_TASK BRIEF_
Return, exactly as written, every line from the first line of the data below through the line that contains "此五尊的三昧耶形,分别为率堵".

_DATA FOR THE TASK_
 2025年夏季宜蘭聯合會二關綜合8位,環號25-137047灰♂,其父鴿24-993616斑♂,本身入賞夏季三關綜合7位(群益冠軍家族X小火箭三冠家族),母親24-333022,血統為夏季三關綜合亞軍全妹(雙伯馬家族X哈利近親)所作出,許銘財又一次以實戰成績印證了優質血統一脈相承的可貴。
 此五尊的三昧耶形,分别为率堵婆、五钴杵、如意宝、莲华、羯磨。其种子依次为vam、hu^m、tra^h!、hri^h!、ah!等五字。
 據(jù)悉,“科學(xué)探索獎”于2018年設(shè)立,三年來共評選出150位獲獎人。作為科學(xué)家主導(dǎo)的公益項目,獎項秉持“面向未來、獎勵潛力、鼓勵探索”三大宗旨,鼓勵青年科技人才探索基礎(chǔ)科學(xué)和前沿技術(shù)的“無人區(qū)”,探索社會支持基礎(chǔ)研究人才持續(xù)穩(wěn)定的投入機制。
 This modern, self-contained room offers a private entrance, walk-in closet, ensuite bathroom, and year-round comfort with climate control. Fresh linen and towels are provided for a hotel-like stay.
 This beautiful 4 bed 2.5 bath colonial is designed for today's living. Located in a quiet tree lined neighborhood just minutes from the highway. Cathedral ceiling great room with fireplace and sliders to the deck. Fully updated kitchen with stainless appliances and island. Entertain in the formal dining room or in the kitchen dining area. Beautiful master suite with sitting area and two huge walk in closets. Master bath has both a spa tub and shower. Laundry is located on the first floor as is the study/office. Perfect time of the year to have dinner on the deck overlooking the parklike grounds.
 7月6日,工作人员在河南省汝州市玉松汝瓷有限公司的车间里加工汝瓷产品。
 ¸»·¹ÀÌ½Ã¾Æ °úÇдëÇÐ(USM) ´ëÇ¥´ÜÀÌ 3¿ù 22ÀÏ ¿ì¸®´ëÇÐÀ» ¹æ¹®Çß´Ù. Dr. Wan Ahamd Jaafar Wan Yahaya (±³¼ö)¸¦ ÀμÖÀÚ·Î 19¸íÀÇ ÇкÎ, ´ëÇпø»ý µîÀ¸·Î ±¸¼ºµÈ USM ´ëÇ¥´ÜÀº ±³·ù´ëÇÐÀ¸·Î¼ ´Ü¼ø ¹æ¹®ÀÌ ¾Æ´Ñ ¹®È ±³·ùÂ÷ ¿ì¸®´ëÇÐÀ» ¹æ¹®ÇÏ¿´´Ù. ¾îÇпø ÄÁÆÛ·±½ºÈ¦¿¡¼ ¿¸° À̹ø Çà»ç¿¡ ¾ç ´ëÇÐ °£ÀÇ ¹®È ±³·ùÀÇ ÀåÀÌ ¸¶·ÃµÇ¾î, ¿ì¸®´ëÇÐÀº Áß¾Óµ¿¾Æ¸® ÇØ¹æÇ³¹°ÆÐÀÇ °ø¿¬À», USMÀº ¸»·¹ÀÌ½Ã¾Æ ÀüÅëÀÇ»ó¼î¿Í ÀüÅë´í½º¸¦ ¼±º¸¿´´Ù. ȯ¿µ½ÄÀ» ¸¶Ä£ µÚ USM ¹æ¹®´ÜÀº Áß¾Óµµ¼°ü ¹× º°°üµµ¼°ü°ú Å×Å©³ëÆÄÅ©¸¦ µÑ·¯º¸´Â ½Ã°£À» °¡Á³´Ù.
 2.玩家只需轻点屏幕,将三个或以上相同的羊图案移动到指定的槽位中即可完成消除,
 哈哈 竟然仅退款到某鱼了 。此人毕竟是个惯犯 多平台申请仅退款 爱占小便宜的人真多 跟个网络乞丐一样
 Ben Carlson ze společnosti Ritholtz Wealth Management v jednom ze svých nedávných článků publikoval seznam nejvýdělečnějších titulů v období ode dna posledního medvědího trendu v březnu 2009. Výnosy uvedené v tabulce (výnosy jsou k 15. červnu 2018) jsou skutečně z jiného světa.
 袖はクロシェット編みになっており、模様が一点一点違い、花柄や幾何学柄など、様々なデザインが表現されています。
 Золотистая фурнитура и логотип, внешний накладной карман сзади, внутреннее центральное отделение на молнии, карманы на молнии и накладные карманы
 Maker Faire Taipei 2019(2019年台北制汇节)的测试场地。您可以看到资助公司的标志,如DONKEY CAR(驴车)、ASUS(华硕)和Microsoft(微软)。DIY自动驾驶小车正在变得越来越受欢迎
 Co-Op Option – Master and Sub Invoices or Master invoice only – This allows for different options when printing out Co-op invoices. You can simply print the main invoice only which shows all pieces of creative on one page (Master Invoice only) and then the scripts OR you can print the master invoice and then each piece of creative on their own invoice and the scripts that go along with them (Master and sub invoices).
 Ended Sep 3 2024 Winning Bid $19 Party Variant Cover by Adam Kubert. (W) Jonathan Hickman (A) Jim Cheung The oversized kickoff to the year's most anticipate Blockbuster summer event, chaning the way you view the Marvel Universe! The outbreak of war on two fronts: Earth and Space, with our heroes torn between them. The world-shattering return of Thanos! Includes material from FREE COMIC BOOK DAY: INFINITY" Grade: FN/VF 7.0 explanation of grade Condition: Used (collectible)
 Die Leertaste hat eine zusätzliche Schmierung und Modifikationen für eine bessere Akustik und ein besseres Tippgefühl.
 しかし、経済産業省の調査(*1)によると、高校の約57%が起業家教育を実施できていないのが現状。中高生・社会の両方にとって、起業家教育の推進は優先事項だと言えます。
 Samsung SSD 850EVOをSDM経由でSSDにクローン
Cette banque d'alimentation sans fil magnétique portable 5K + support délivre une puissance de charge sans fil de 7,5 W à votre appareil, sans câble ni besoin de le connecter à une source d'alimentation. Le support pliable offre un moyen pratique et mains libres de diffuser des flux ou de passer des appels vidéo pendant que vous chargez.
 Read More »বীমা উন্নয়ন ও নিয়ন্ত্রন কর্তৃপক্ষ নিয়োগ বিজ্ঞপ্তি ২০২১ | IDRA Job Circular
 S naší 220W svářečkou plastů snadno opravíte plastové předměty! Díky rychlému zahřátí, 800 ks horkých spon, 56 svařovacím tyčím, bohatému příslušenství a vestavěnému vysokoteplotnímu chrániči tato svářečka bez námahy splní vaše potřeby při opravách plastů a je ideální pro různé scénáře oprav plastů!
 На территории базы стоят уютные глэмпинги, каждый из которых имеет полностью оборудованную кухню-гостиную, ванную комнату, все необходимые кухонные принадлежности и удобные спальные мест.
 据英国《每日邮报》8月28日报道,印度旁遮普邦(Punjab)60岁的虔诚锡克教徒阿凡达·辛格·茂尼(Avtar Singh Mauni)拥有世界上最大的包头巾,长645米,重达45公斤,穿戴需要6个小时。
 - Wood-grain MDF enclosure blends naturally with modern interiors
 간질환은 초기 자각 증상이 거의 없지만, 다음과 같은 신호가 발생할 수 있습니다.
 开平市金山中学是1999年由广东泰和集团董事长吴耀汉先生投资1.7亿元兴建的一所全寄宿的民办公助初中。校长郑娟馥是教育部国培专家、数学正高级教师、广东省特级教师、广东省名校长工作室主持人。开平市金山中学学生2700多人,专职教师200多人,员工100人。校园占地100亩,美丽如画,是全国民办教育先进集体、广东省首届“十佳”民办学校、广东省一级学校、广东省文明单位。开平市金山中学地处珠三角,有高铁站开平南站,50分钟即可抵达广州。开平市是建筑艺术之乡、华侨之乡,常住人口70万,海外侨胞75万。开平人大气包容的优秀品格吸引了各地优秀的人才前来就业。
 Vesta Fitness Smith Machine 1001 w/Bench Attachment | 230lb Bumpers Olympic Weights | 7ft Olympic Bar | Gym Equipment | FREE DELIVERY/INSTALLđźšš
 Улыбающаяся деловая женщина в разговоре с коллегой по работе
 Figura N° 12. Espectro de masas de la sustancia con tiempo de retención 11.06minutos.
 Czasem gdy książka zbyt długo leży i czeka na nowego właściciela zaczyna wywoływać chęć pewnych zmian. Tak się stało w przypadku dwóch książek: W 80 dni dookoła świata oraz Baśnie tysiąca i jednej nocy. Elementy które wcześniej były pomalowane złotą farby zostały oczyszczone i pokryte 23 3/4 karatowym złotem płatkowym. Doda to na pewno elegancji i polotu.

_WRITTEN RESPONSE_
 2025年夏季宜蘭聯合會二關綜合8位,環號25-137047灰♂,其父鴿24-993616斑♂,本身入賞夏季三關綜合7位(群益冠軍家族X小火箭三冠家族),母親24-333022,血統為夏季三關綜合亞軍全妹(雙伯馬家族X哈利近親)所作出,許銘財又一次以實戰成績印證了優質血統一脈相承的可貴。
 此五尊的三昧耶形,分别为率堵婆、五钴杵、如意宝、莲华、羯磨。其种子依次为vam、hu^m、tra^h!、hri^h!、ah!等五字。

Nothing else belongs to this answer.